Original assignee: Hubei Sanjiang Aerospace Group Hongyang Electromechanical Co Ltd
Current assignee: Hubei Sanjiang Aerospace Group Hongyang Electromechanical Co Ltd
Priority date: 2021-12-30
Filing date: 2021-12-30
Publication date: 2023-10-20
Anticipated expiration: 2041-12-30
Also published as: CN114275145A

Abstract

The invention discloses a hot air flow blocking structure. The structure is suitable for the technical field of air rudders, wherein an air flow channel is formed by the communication of a gap between the inner peripheral surface of the ring cover and a rudder shaft, a gap between the bottom of the ring cover and the top of the blocking ring, a gap between the outer peripheral surface of the blocking ring and the inner peripheral surface of the mounting groove and a gap between the bottom of the blocking ring and the top of the bearing. The invention can prevent the temperature of hot air entering the installation seat for installing the bearing through the gap between the rudder shaft and the cabin body from being attenuated, and avoid the influence on the running precision of the bearing and the rotation of the air rudder.

Description

Hot air flow blocking structure

Technical Field

The invention belongs to the technical field of air rudders, and particularly relates to a hot air flow blocking structure.

Background

When the aircraft flies at a high speed in an atmospheric environment, the air rudder plays an important role in controlling the attitude of the aircraft, and in the whole-course flying process, the air rudder always keeps a flexible rotating state, so that a movement gap is required to exist between a rudder shaft and a cabin body of the air rudder structurally, but at the same time, hot air flows can enter a mounting seat of a mounting bearing through the gap between the rudder shaft and the cabin body, so that the bearing carrying precision and the air rudder rotation are influenced, and the flying of the aircraft is further influenced.

Disclosure of Invention

The invention aims to at least solve the technical problem that hot air flows enter a mounting seat for mounting a bearing through a gap between a rudder shaft and a cabin body to influence the bearing to a certain extent. To this end, the present invention provides a hot air flow blocking structure.

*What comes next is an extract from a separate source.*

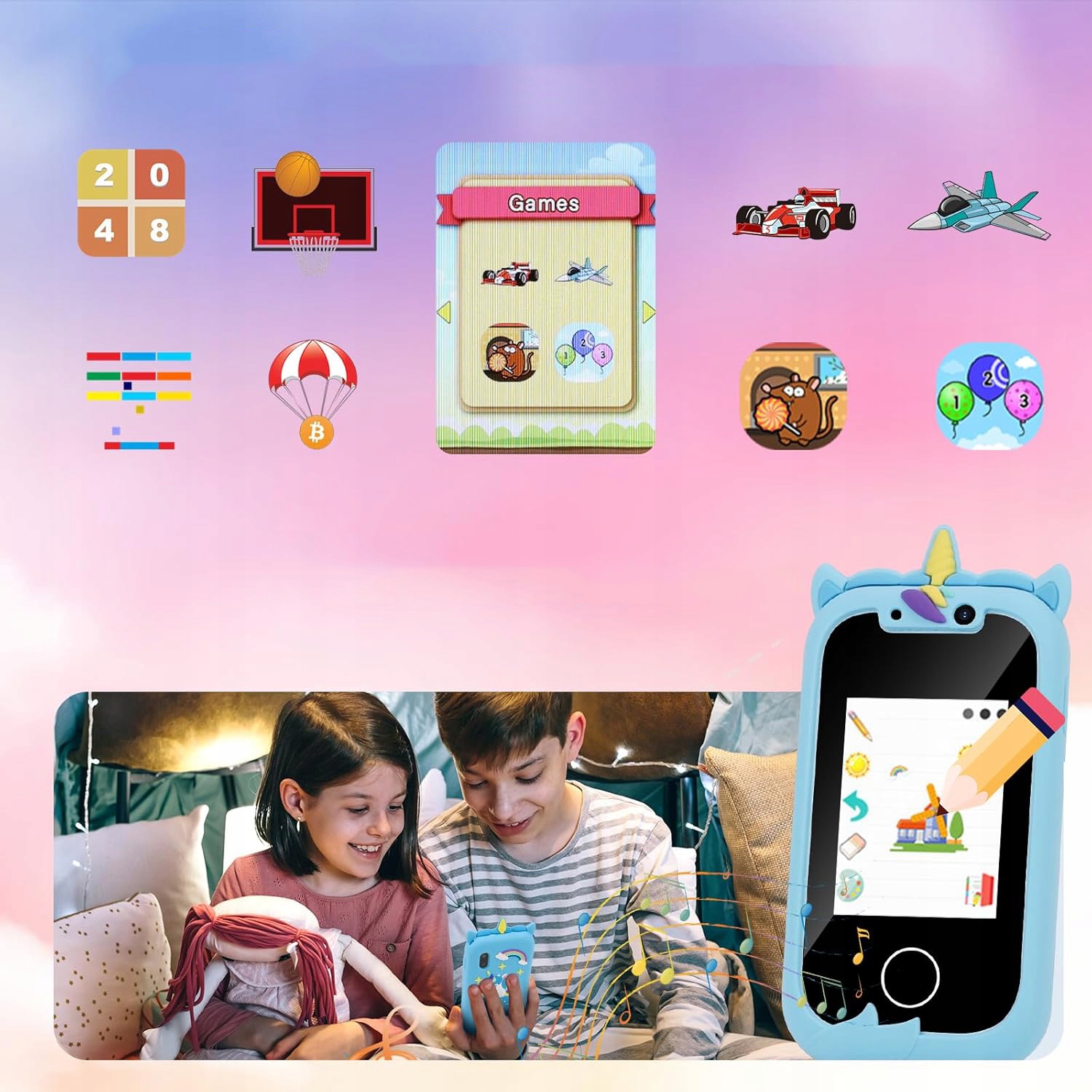 👍👍👍 Безопасный, прочный, ударопрочный — этот музыкальный плеер для малышей Изготовлен из качественного, нетоксичного мягкого пластика, безопасен и приятен для детской кожи. Ударопрочный корпус обеспечивает эффективную защиту от падений и продлевает срок службы вашего устройства. Вы также можете настроить яркость экрана смартфона, чтобы защитить глаза детей.

The technical scheme of the invention is as follows:

the present invention provides a hot air flow blocking structure, the structure comprising:

the mounting seat is provided with a mounting groove;

the rudder shaft is movably arranged in the mounting groove;

the bearing is arranged between the mounting groove and the rudder shaft so that the rudder shaft can rotate relative to the mounting seat;

the blocking ring is arranged between the mounting groove and the rudder shaft, the inner peripheral surface of the blocking ring is connected with the rudder shaft, a first annular bulge is arranged at the bottom of the blocking ring, the bottom of the first annular bulge is connected with the top of the inner ring of the bearing, and a gap is reserved between the outer peripheral surface of the blocking ring and the inner peripheral surface of the mounting groove;

the ring cover is detachably connected with the mounting seat, the inner peripheral surface of the ring cover is in clearance fit with the rudder shaft, and a clearance is reserved between the bottom of the ring cover and the top of the blocking ring;

and the gap between the inner peripheral surface of the ring cover and the rudder shaft, the gap between the bottom of the ring cover and the top of the blocking ring, the gap between the outer peripheral surface of the blocking ring and the inner peripheral surface of the mounting groove and the gap between the bottom of the blocking ring and the top of the bearing are communicated to form the air flow channel.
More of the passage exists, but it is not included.